登壇者: for Startups, Inc.(フォースタートアップス株式会社) (旧株式会社ネットジンザイバンク)取締役社長 志水 雄一郎
株式会社キープレイヤーズ 代表取締役 高野秀敏
司会:eiicon founder 中村 亜由子
中村:「スタートアップ、新規上で活躍する人材とは?」をテーマにトークセッションを始めさせて頂きます。
今回は、人材業界のトップスター、for Startups, Inc.(フォースタートアップス株式会社・旧株式会社ネットジンザイバンク)代表取締役社長志水 雄一郎さん、株式会社キープレイヤーズ 代表取締役 高野秀敏さんにお話頂きます。私個人としましても、大先輩のお話をお伺いできること非常に嬉しく思っております。
初めに志水さん、自己紹介をお願いします。
志水:for Startups株式会社 代表取締役社長 志水と申します。軽く自己紹介をさせて頂きます。私は、今回の司会者、中村亜由子さんと同じ、パーソルホールディングス株式会社(旧インテリジェンス)で、DODAの立ち上げと、マネジメントをしていたのが前職です。

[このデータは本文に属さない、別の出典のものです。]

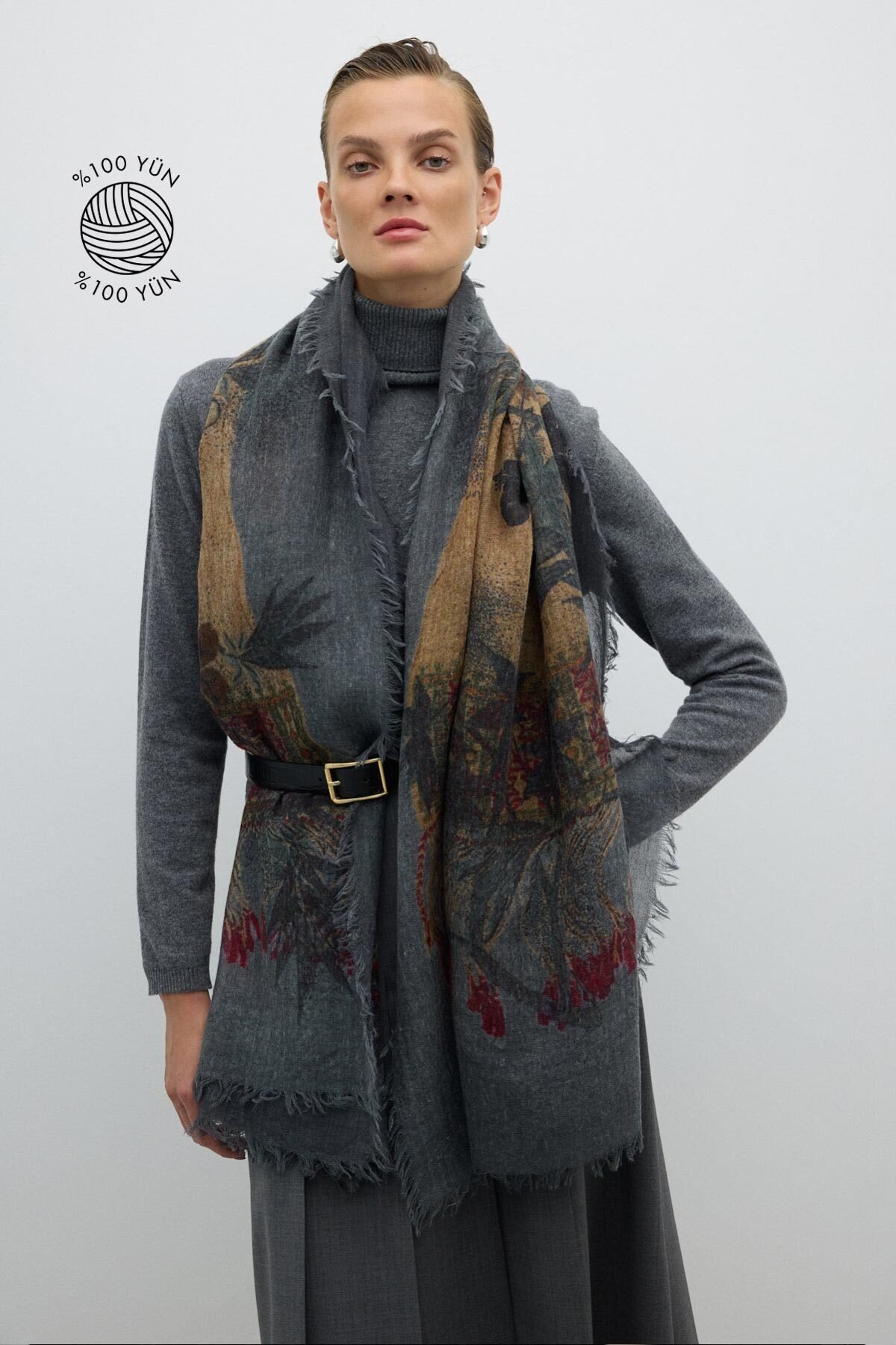 Yün Karışımlı Atkı Gri
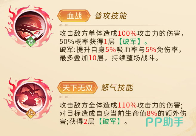 素有“人中吕布,马中赤兔”之称,其在游戏中的强度也完全匹配这一威名。吕布不仅是目前武将中攻击面板最高的存在,整体综合能力也处于梯队顶端。普攻“血战”可对单个敌人造成100%攻击力的伤害,并有50%几率获得“破军”状态,每层提供5%吸血与减伤效果,最多叠加10层,且效果可持续整场战斗,极大增强了生存与持续作战能力。
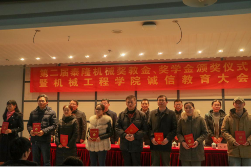 12月26日,机械工程学院第二届泰隆机械奖教金、奖学金颁奖仪式暨诚信教育大会在至勤楼·行政中心学术报告厅举行。江苏泰隆减速机股份有限公司总经理殷爱国,发展与对外合作处、机械工程学院党政负责人以及200余名师生参加了本次大会。
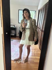 Wore this blazer several times, really liked that it wasn't too tight, but also wasn't oversized to look sloppy like so many are this season. The pattern is nice, but not overwhelming. The weight and feel of the fabric also felt like a good quality. As soon as I sent it back, I wanted to wear it again to a work event! Polished yet not trying too hard.
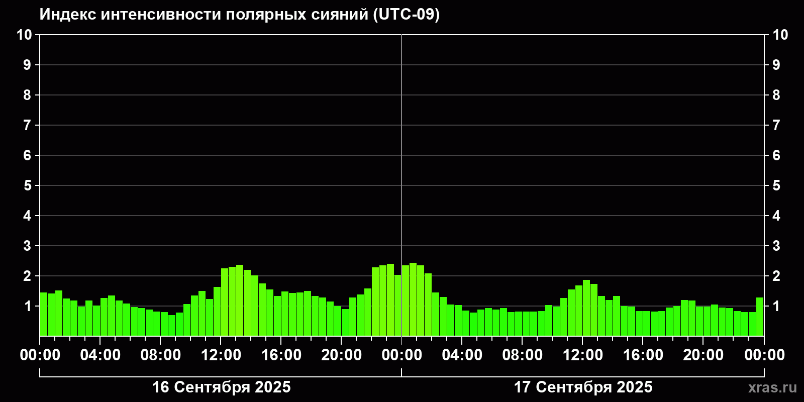 Изменения индекса интенсивности полярных сияний с 2025-09-16 по 2025-09-17 по местному времени
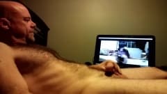 Este homem maduro e peludo é meu papai. Ele se masturba toda noite quando assiste a filmes pornográficos e, aparentemente, seu pau fica muito quente.
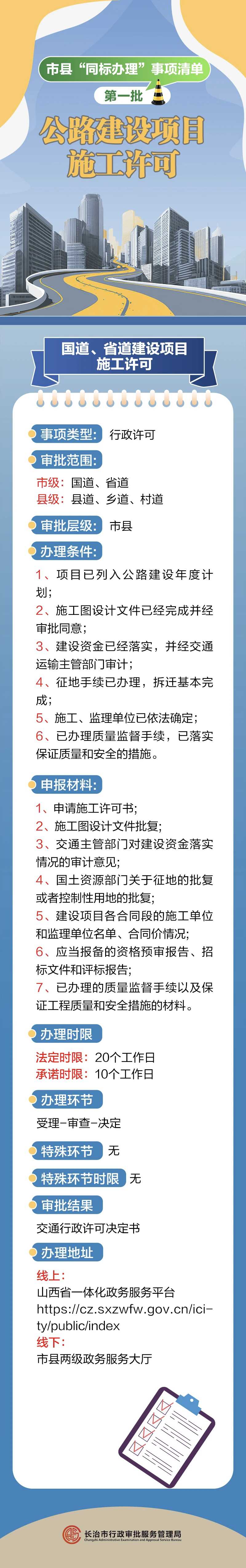 市县“同标办理”事项清单(第一批)——公路建设项目施工许可
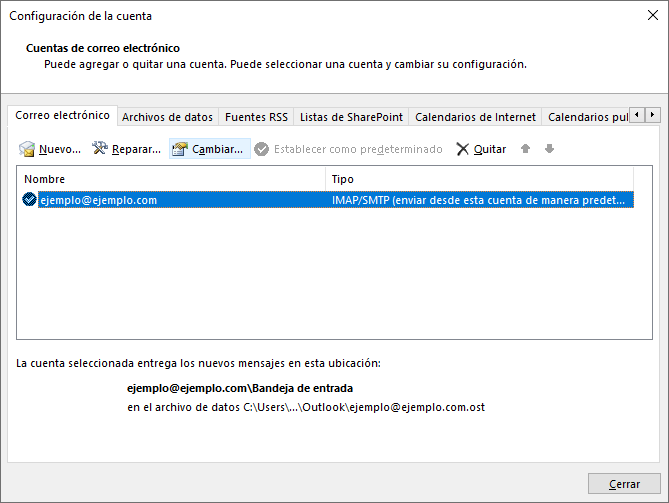 A continuación, selecciona la cuenta que necesitas modificar y pulsa sobre la opción Cambiar:
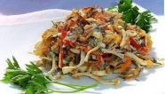 5. Поставьте салат в холодильник для пропитки на пару часов. Перед подачей на стол осторожно снимите кольцо. Приятного аппетита.
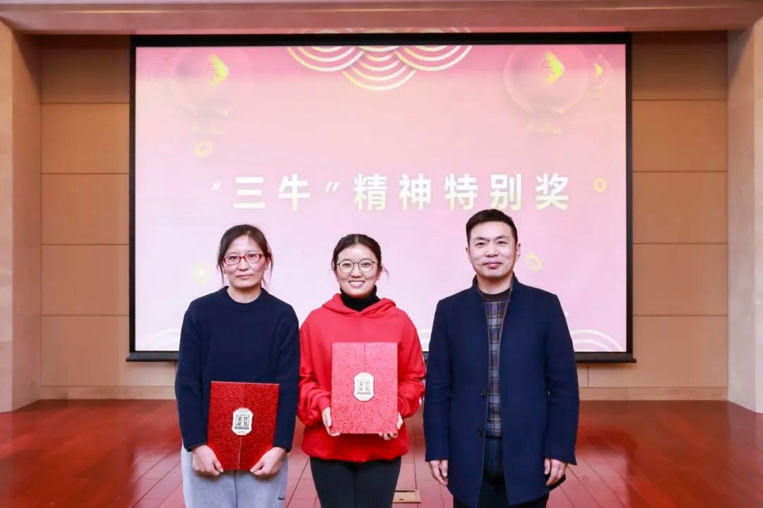 为了贯彻落实习近平总书记的关于发扬孺子牛、拓荒牛、老黄牛的精神,国际部连续三年设立“三牛精神”特别贡献奖项。2023年度,曾艳、彭亚男获得“创新发展拓荒牛”奖项;李慧、刘赛获得“人才培养孺子牛”奖项;陈颖、戎艳获得“勤恳奉献老黄牛”奖项。他们敢为人先,心系学生,踏实敬业,全力为国际部的发展拉犁耕耘、爬坡向前。

今は、上場企業の一部門を切り出して、IPOをしかけながら、マネジメントしています。今回はありがたいことに、ヘッドハンターとして尊敬する先輩の高野さんと一緒に登壇する機会を頂戴でき光栄です。
現在は、for Startupsという会社を設立し法人経営をしています。30人ほどのメンバーで成長してきました。for Startupsでは、ベンチャー支援・転職支援・ベンチャー投資を組み合わせて、日本一の成長産業支援プラットフォームを構築すべく日々活動しています。
中村:ありがとうございます。続いて高野さんお願いします。
高野:キープレイヤーズ高野と申します。よろしくお願い致します。
私の祖父は保護観察官をしておりました。罪を犯した方の更生の支援をしておりました。そんな背中を見て育ち、本当に人の役に立つ仕事がしたいと、人材業界に入りました。
新卒でパーソルキャリア株式会社(旧インテリジェンス)に入社しました。志水さんのようなかっこいい先輩がたくさんいるスタートアップのような雰囲気でした。もともと今のように、ベンチャーやスタートアップがなかったので、大手企業やコンサルティングファームを受けつつ、少ない選択肢からこの環境を選んだことを覚えています。
現在、私のやっていることは3つあります。1つ目に優秀な人材と成長が期待できる企業をマッチングする人材紹介を通じで成長を支援することです。2つ目に、ベンチャー投資をしております。ありがたいことに、創業から役員、株主をさせていただいたクラウドワークスが約3年で上場となりました。それを機に、投資して欲しいという依頼が増えました。3つ目に、面白いところで、バングラデシュで不動産開発をしています。
中村:ありがとうございました。今回のイベントを主催している「eiicon」は、パーソルキャリアの中の社内カンパニーで、オープンイノベーション・マッチングプラットフォームを提供しています。今日は朝から、いろんなセッションがありましたが、皆様も企業成長には「人」がキーワードになることはお気づきであると思います。
ここでは、「人」がお家芸のお二人にお話し頂きます。「スタートアップ・新規事業で活躍する人材とは?」をテーマにどのように「人」に向き合い。「人」をどう育成するのか?活用していくのか?など、様々な観点からお話頂きます。
外部のトークセッションですと、わりとふわっとした、着地になりがちですが、私の大先輩でもあるお二人は一味違います。ズバッと本質を突くお話を、頂戴しますのでご期待ください。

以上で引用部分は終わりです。